### What the task asks
For this exercise, output the entries below exactly from the line that holds "Set içerisinde sihirbaz" to the line that holds "4-Light Brushed Brass", both ends included. No pictures belong in the copy.

### Data for this exercise
· · ·

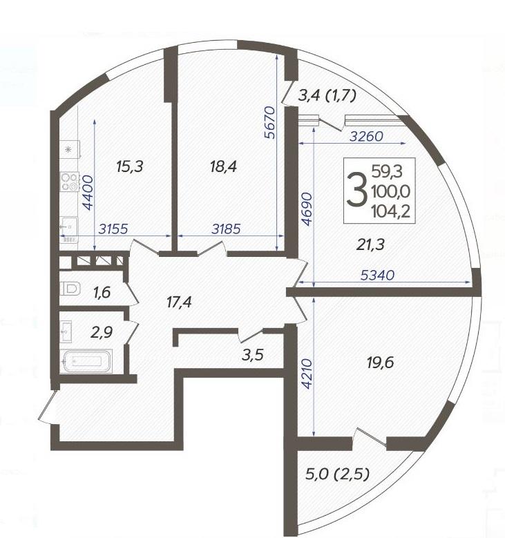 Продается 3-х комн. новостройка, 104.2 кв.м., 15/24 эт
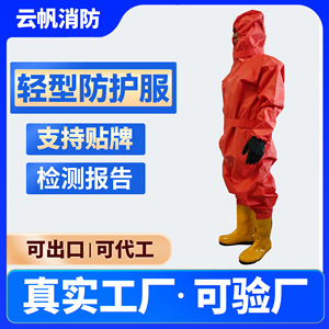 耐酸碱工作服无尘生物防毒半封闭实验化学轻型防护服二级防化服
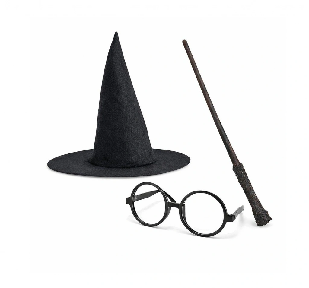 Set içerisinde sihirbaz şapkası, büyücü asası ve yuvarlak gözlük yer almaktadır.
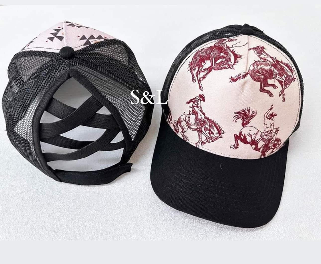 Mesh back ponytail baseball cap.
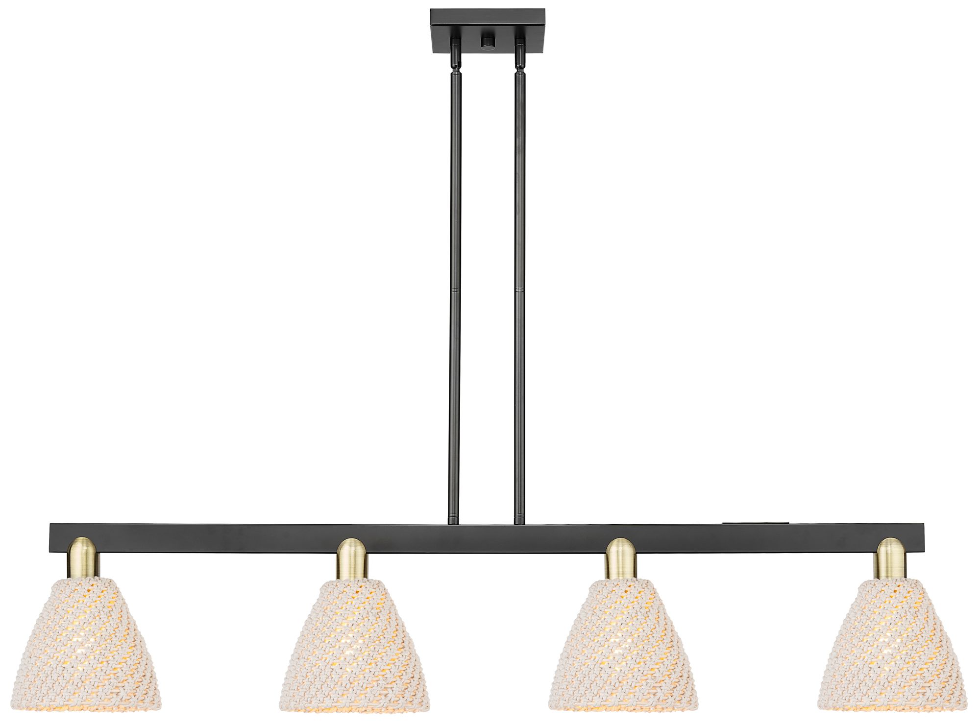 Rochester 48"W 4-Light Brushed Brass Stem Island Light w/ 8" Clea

· · ·

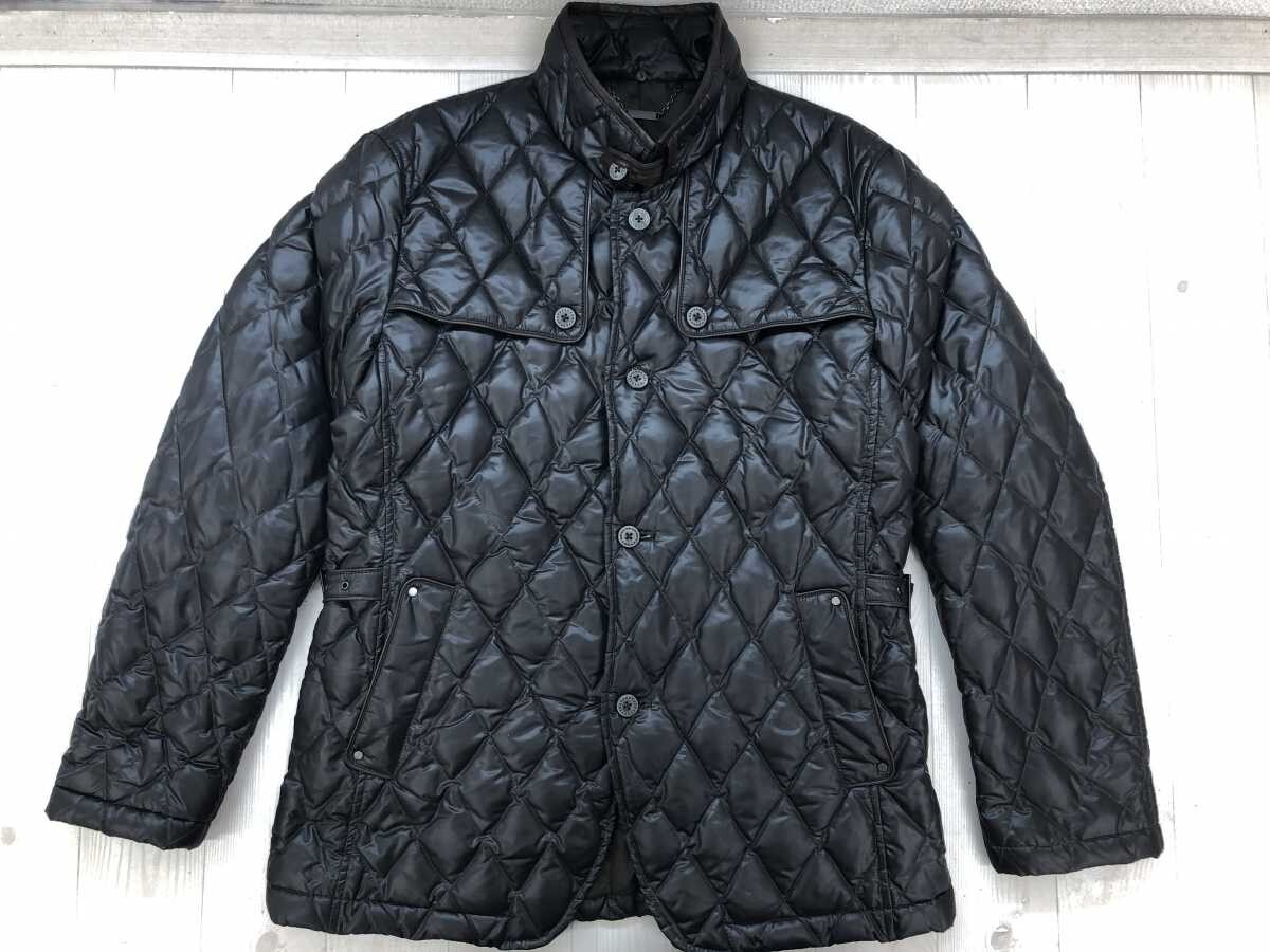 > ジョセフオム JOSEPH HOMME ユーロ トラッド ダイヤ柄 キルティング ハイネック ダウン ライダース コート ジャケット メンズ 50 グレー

· · ·

### Written response
 Set içerisinde sihirbaz şapkası, büyücü asası ve yuvarlak gözlük yer almaktadır.
 Mesh back ponytail baseball cap.
 Rochester 48"W 4-Light Brushed Brass Stem Island Light w/ 8" Clea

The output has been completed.